Maerbenn 03-06-2003 07:39 AM

In the Second Phase of the Later Quenta Silmarillion published in HoMe X: Morgoth's Ring Tolkien gives the meaning 'the Mountains of Oppression'.

the guy who be short 03-06-2003 08:29 AM

could you please break up thangorodrim into the mountains of oppression? i know orod is mountain. whats oppresion and of?
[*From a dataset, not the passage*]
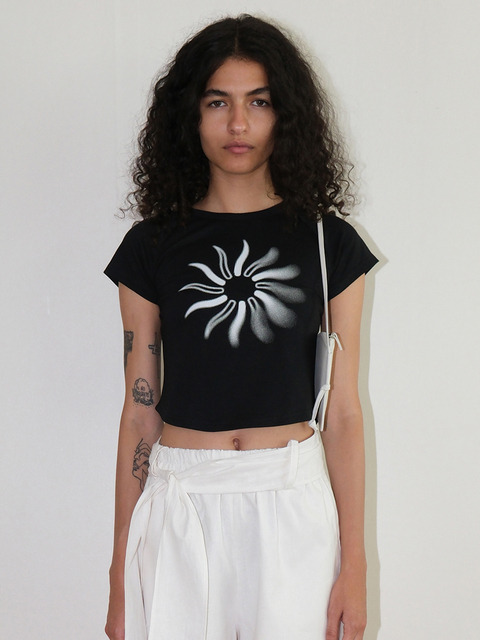 [이콤마이] SUN SYMBOL CROPPED T-SHIRT (BLACK)

Feanor of the Peredhil 03-06-2003 04:05 PM

Didn't Orthanc mean something in two separate languages? Because instead of fang, I'd assume it meant 'tower', as in the towers of oppresion, loosely translated. Also, the it could be 'than' with no g, and the g could come in gor, as in gorgor, which meant terror. As for the 'odrim', maybe it was a little personification, eh, the 'Towers of Terror' personified, but that's asking for a bit too much of a stretch.
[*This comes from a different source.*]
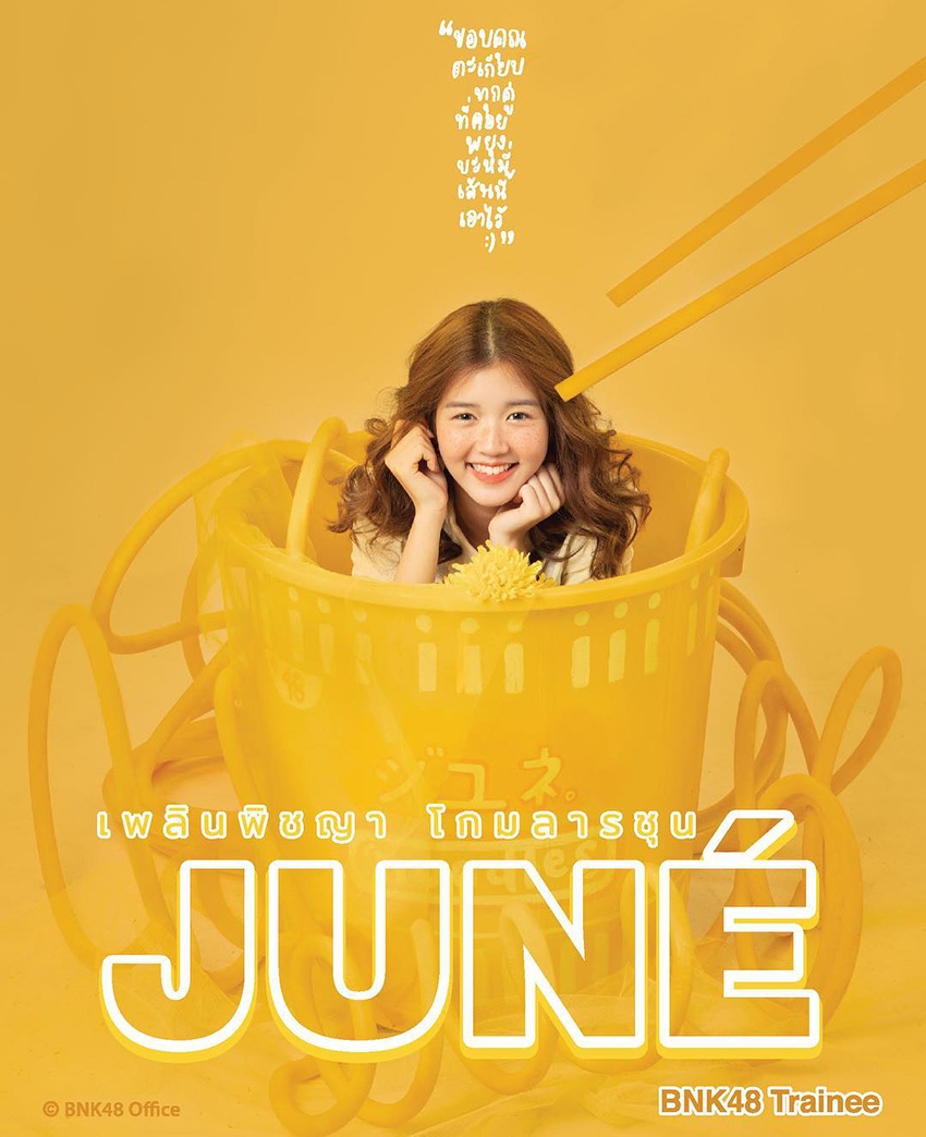 ย้อนไปตอนเลือกตั้งครั้งแรก จูเน่ก็เป็นเหมือนสมาชิกคนอื่นๆ ที่พรีเซนต์ความน่ารักด้วยการพาตัวเองไปนั่งอยู่ในถ้วยบะหมี่ แจกยิ้มสดใส ทำท่าน่ารักออดอ้อนเอาใจ และขอบคุณบรรดา ‘ตะเกียบ’ (ชื่อเรียกแฟนคลับของจูเน่) ที่คอยพยุงเส้นบะหมี่อย่างเธอมาตลอด

Falagar 03-06-2003 05:34 PM

If I remember correctly, Orthanc should mean something like "clever device" in old-english, but I can't remember what it meant in Elvish (it was something similar...). I've taken it from Unfinished Tales, but I can't find the exact quote...

[ March 06, 2003: Message edited by: Falagar ]

Annunfuiniel 03-07-2003 01:56 AM

Thangorodrim: thang='oppression'
orod='mountain'
rim='multitude, crowd', often
a sign of collective plural
(as in this case:mountains)

Burzdol 03-07-2003 01:59 PM

What language does that come from?[elvish, dwarven, etc.]

~Burzdol~

Inderjit Sanghera 03-07-2003 02:04 PM

Sindarin. The language of the Sindar and later on the Noldor, though it wasn't widely spoken in Beleriand until the Dagor Aglareb.


All times are GMT -6. The time now is 06:42 PM.